July 25 – Talk in an Elevator Day

Posted on July 25, 2014

Notice how blank and expressionless
everyone's face is...
Have you ever noticed that many times people ride up elevators together pretty much silently, each person facing forward and not really looking at one another?

Of course, this is not a hard-and-fast rule. Many times people are riding in elevators with people they know, and they enter the elevator talking to one another, and they keep talking all the way up or down. 

Actually, sometimes I wish that people in elevators were a little MORE silent!

Also, most people murmur quiet polite phrases such as “Good morning,” “Excuse me,” “Floor 3, please,” and “Thank you.”

This is NOT how people ride in elevators.
This looks posed....and WEIRD!
But most of the time, a group of strangers will ride together without looking at or speaking to one another. And even when we are riding with a friend plus strangers, we tend to talk only quietly to our friend or stop talking for the duration of the ride.

The study of “proxemics” tells us about the unwritten rules of society, including how close people get to one another and body-language cues.

Normally, strangers in public keep ten or more feet away from one another, when possible. However, on crowded city streets or enclosed spaces such as elevators, that obviously is not possible.

In an elevator with only a few people, each person tends to stand in his or her own corner, with as much space between them as possible. But when an elevator fills up, people jostle and adjust their positions to maintain maximum space between them.

Ways of coping with too-small of personal space include reducing or eliminating hand and arm movements, lowering voice or not talking, and decreasing eye contact.
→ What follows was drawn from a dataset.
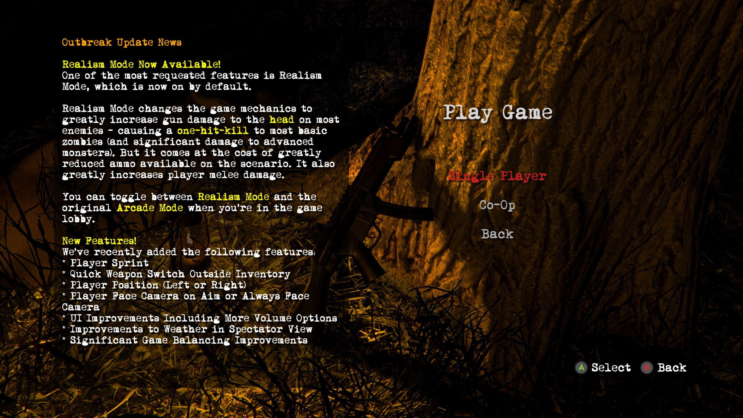 Realism Mode - This brand new way of playing Outbreak: Epidemic notches up the realism by significantly boosting headshot damage - meaning many standard enemies could be killed in a single well placed headshot. But as a trade-off, you now have much less resources to work with. You need to make every bullet count if you want to survive. Advanced monsters can still take a beating, but your only way to defeat them is by going for the head! NOTE: Like the old way Epidemic played? It's still available - just switch back to Arcade Mode in your game lobby!

Apparently, men tend to not look at others in a crowded elevator at all, but women tend to quickly check out who they are sharing the elevator with—just a quick glance around, usually accompanied by a smile.

Today we are urged to break the unspoken rule about not speaking – and to make polite, light small talk on an elevator. Compliment a stranger, chat about the weather, ask for directions, etc. Does it take courage for you to do this? What do other passengers do when you talk –- do they join in? Look away? Shift uncomfortably?

By the way, if there is a baby or small child – or maybe even a dog – in the elevator, complimenting him, her, or it is probably the easiest way to start a conversation. My husband often tells parents, “You have a beautiful family,” and people warm right up to him.